The Quadrant is a touring-focused four-buckle touring boot that fits my wide foot. It’s lightweight as you’d expect, but also has a stiff 120 flex index, 40 degree of motion walk mode, and a 103 mm last, perfect for putting some power behind your turns but keeping your feet happy all day. Shop Black Diamond.
7. Tracker 3 Transceiver by BCA
The pocket-friendly Tracker 3 transceiver is the thinnest multiple-antenna avalanche transceiver available. It has quick, real-time display and is easy to use. Shop BCA.
8. Probe 280 Fast Lock by Mammut
The aluminum Probe 280 features a glove-compatible “Fast Lock” system for quickly and seamlessly locking the probe. Shop Mammut.
9. OVO Light Shovel
The light shovel weighs just 500 grams and comes with an L-shaped handle than can be swiveled for when you need something more like a garden hoe. Shop EVO.
10. BCA Float 8 Orange Avalanche Airbag
If you never make a bad decision in the backcountry, then you’ll never find yourself reaching for the ripcord of your avalanche airbag. Airbags are not a get out of jail free card.
Anything can go wrong, so the key to enjoying lots of days in the backcountry is to stay clear of bad decisions. The Float 8 airbag by BCA is slimmer and lighter than earlier versions. There is room for extra gear on the inside and external anchor points to carry your shovel. Shop BCA.

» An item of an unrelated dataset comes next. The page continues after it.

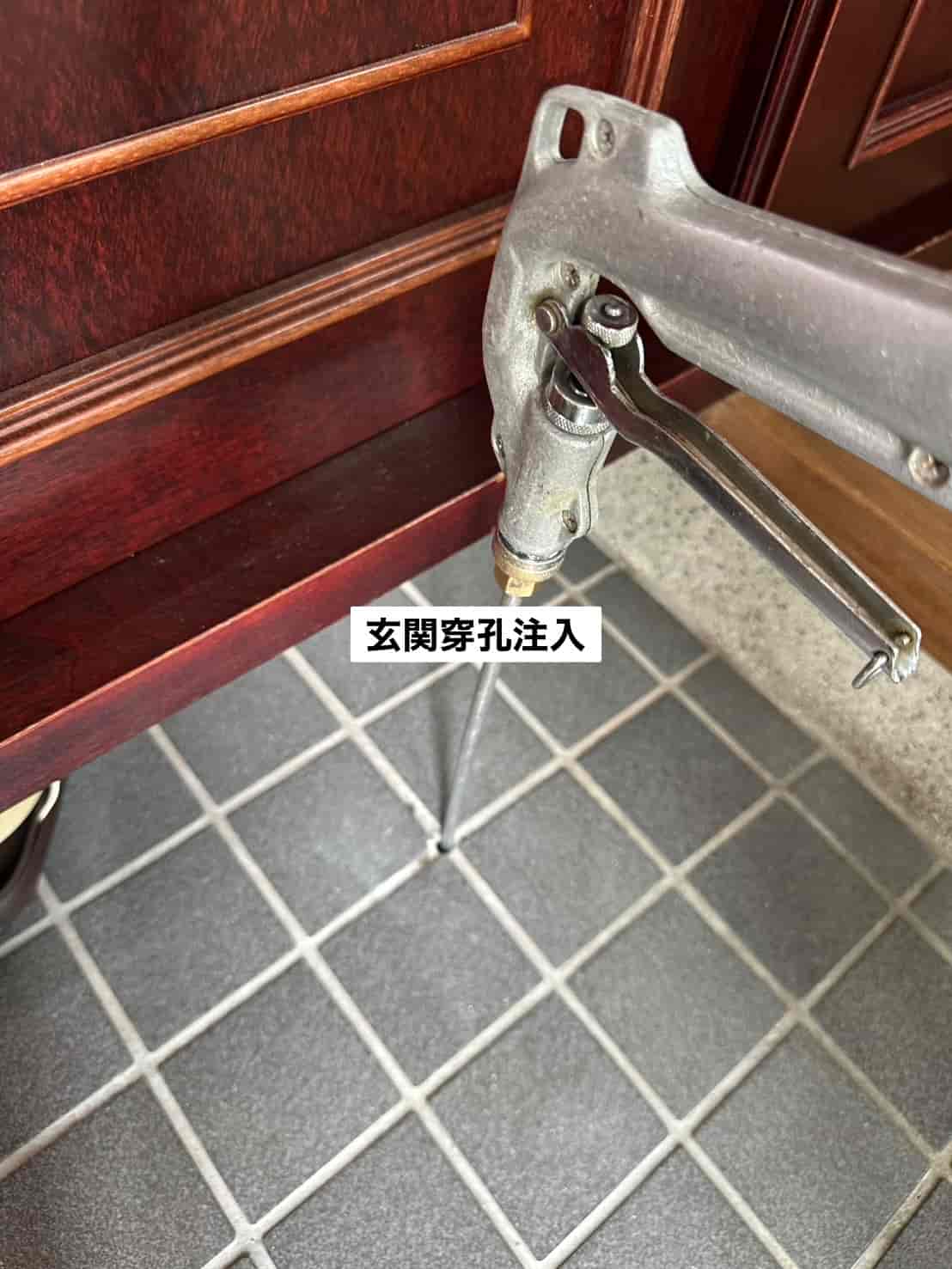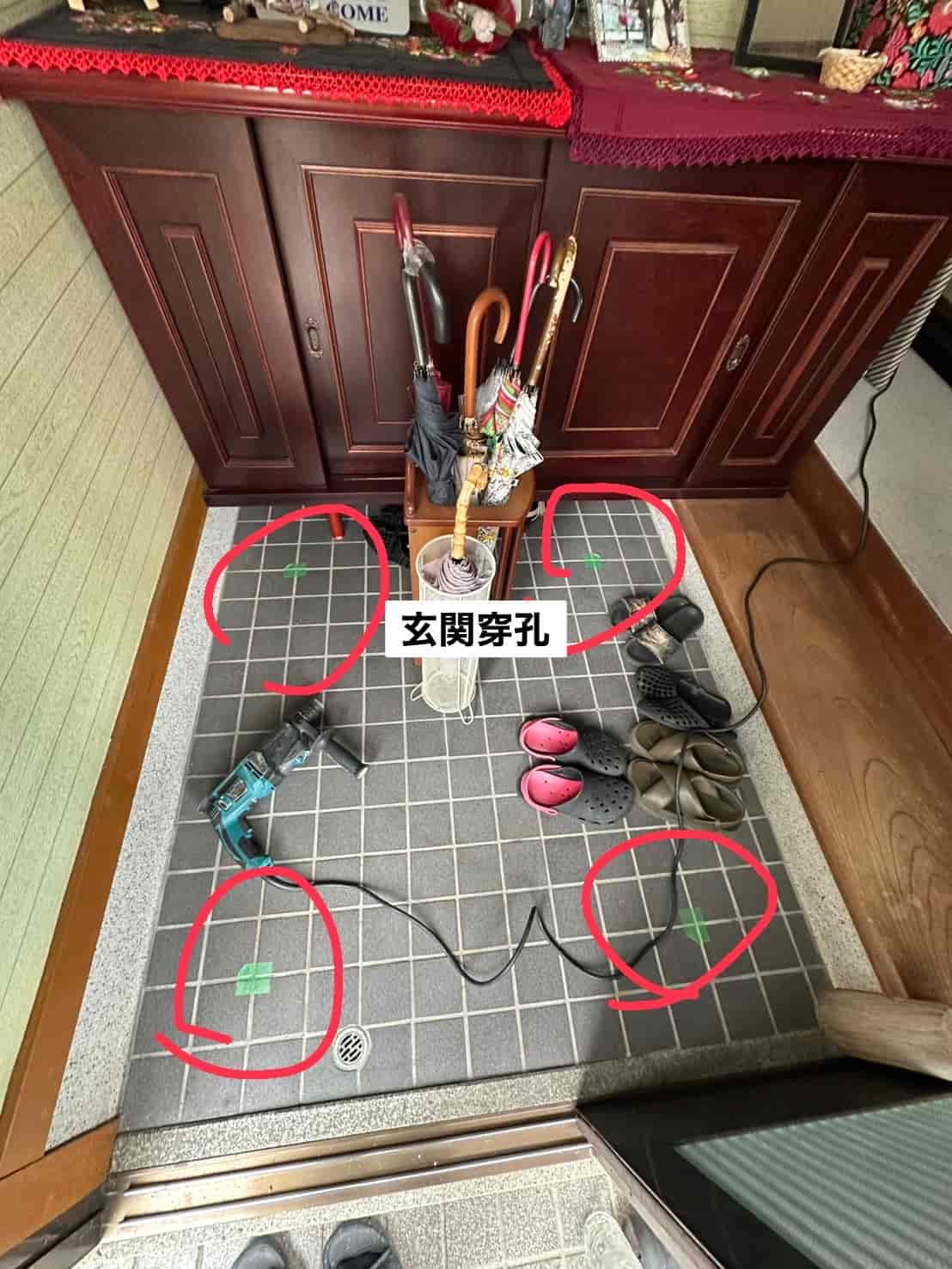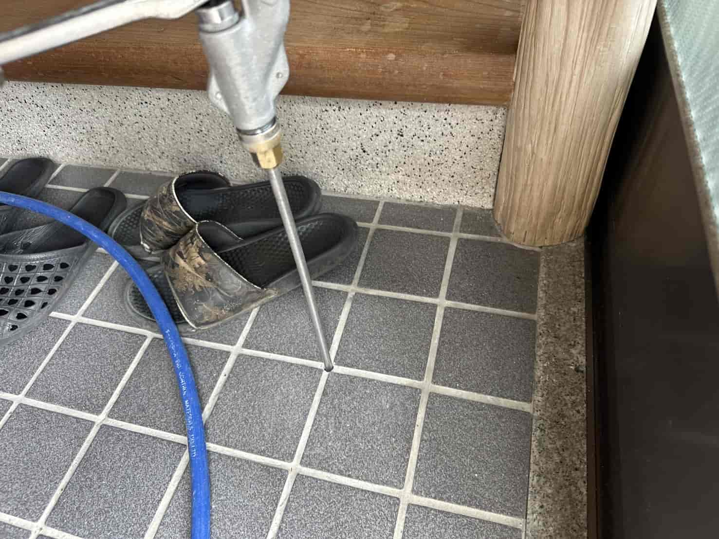 このようなコンクリートスラブの下は湿気が溜まりやすく、白アリが侵入経路として好む場所です。そのため、ここではスラブ穿孔注入を行いました。スラブに専用ドリルで小さな穴を開け、そこから薬剤を注入してスラブ下の土壌に薬剤を届ける工法です。処理後はモルタルで穴を補修し、見た目と強度を保ちます。この処理により、玄関や勝手口からの白アリ侵入リスクを大きく低減できました。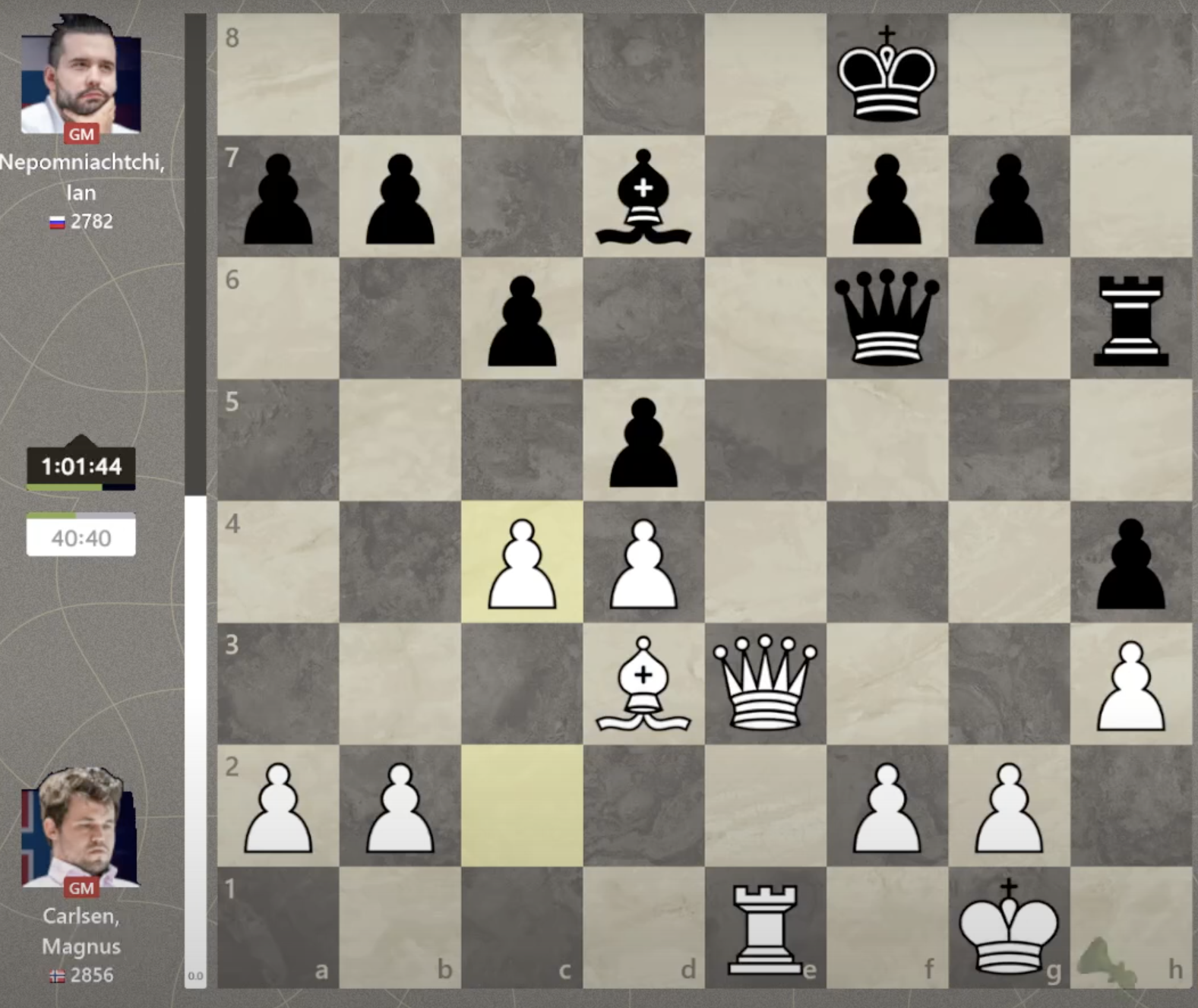 На с4 двинул свою пешку Магнус, небольшой перевес остается у норвежца, по мнению компьютера.

11. G3 Alpinist Climbing Skins
The G3 skins fit a nice range of ski lengths with up to 16 centimeters of length adjustment. Users love the pop-up feature of the tail connectors that makes it super easy to clamp on and clamp off. Shop genuineguidegear.com.
12. Neo 18 pack by Millet
For a day of resort-accessed backcountry, I really like the lightweight no-frills Neo 18 pack by Millet. At 18 liters, its big enough for what you need, but still easy to carry around. The diagonal ski holder system is great for hiking across steep terrain and other times your ski tails might otherwise get in the way. Shop Millet.
13. Sceptor poles by BCA
Also from BCA is this new Sceptor line of adjustable length ski poles. The grip double-serves as a scraper and the baskets are designed sturdy enough to enable using them to adjust binding and boots settings. The handle also features a useful utility hook. Shop BCA.
14. Alvier by Mammut
Gore Tex is to ski touring what polyester was to discotheques. The Alvier line of jackets and pants by Mammut let’s you boogey on the mountain all day long. The Alvier jacket feature sleeves that can be rolled up transforming the jacket into a vest, and the pants feel more like an expensive pair of dress slacks than ski pants. Shop Mammut.
15. Spencer GTX C-Knit Pant by Eider
Being one who’s prone to plumber-butt, I couldn’t be more psyched that bibs have made their way back to the ski scene. Similar to the Alvier’s, Eider’s Spencer GTX C-Knit pants feature a removable, genius zippered bib: It’s there when you want it, zipped off when you don’t.
The C-Knit Gore Tex fabric is soft and pliable and still durable enough when things get bushy and I especially like the burly Kevlar reinforced ankle cuffs for protection against ski edges and crampons. Shop Eider.
16. Stretch Puffy by Sync
You can’t feel 40 mile an hour winds that much during the uphill, but they can knock the shivers in you when you meet them face-to-face on the mountain summit. In this moment, a lightweight puff jacket soon becomes your best friend.
What I like about the Stretch Puffy by Sync Performance is its simple construction, outer fabric that goes with your flows, and it packs down to about the size of a grapefruit. Shop Sync.
17. Pat Moore Sherpa Jacket by Volcom
Begin and end your day in this jacket designed by pro rider Pat Moore. It’s built with a quick snap front that’s perfect for running out to clear the windshield in the morning or grabbing an extra stack of wood at night. Shop Volcom.